Un général de brigade moderne

Et puis un beau jour, un dimanche, je découvris la retraite du fugitif recherché par la Justice, du fabricant de modèles réduits, du grand Dieu Jéhovah Belzébuth des insectes et des bocaux à cornichons : Franklin Hoenikker. Il était vivant !

J’appris cette nouvelle par un supplément spécial du Sunday Times. Ce supplément était payé par une république bananière fantoche. La couverture présentait de profil la femme la plus belle, la plus bouleversante que je puisse jamais souhaiter voir.

Derrière la jeune femme, des bulldozers abattaient des palmiers pour ouvrir une large avenue au bout de laquelle s’élevaient les squelettes métalliques de trois immeubles neufs.

« La république de San Lorenzo est en marche ! proclamait le texte de couverture. Saine, heureuse, progressiste, éprise de liberté, cette belle nation attire irrésistiblement les investissements et les touristes américains. »

Je ne me hâtai pas de lire l’intérieur du magazine. La fille de la couverture me suffisait amplement – plus qu’amplement, puisque je venais de rencontrer le coup de foudre. Elle était très jeune, très grave aussi – lumineusement compatissante et pleine de sagesse.

Elle était chocolat, avec des cheveux de lin dorés.

Elle s’appelait, disait la couverture, Mona Aamons Monzano, et c’était la fille adoptive du dictateur de l’île.

J’ouvris le supplément dans l’espoir d’y voir d’autres photos de cette sublime madone métisse.

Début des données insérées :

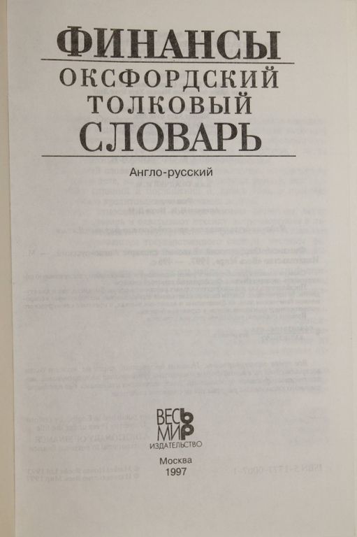 Батлер Б., Джонсон Б., Сидуэлл Г. Финансы. Оксфордский толковый словарь. Англо-русский. М.: Весь мир. 1997г. 496 с. Словарь является дополнением к ранее изданному и завоевавшему заслуженную популярность словарю `Бизнес. Оксфордский толковый словарь`. Предназначен как для профессиональных работников сферы финансов, так и для студентов, ее изучающих. Статьи словаря охватывают терминологию, используемую в современном банковском деле, на финансовых и валютных рынках, в практике коммерческого кредитования и взыскания долгов, в страховом бизнесе. Издание снабжено указателем русских терминов. Твердый переплет. Обычный формат. Хорошее состояние.

Au lieu de ce que j’attendais, je trouvai un portrait du dictateur lui-même, Miguel « Papa » Monzano, un gorille frisant l’octogénariat.

À côté du portrait de « Papa », une photo montrait un jeune homme aux épaules étroites, au visage vulpin et à l’expression enfantine. Il portait une tunique militaire d’un blanc immaculé ornée d’un crachat incrusté de pierres précieuses. Ses yeux rapprochés étaient cernés. Il avait manifestement répété toute sa vie aux coiffeurs de lui tondre les côtés et la nuque, mais de ne pas porter les ciseaux plus haut. Sa tête se terminait en une tignasse raide, une sorte de perruque cubique et ondulée qui s’élevait à une hauteur incroyable.

Cet antipathique enfant n’était autre, disait la légende, que le général de brigade Franklin Hoenikker, ministre de la Science et du Progrès de la République de San Lorenzo. Vingt-six ans.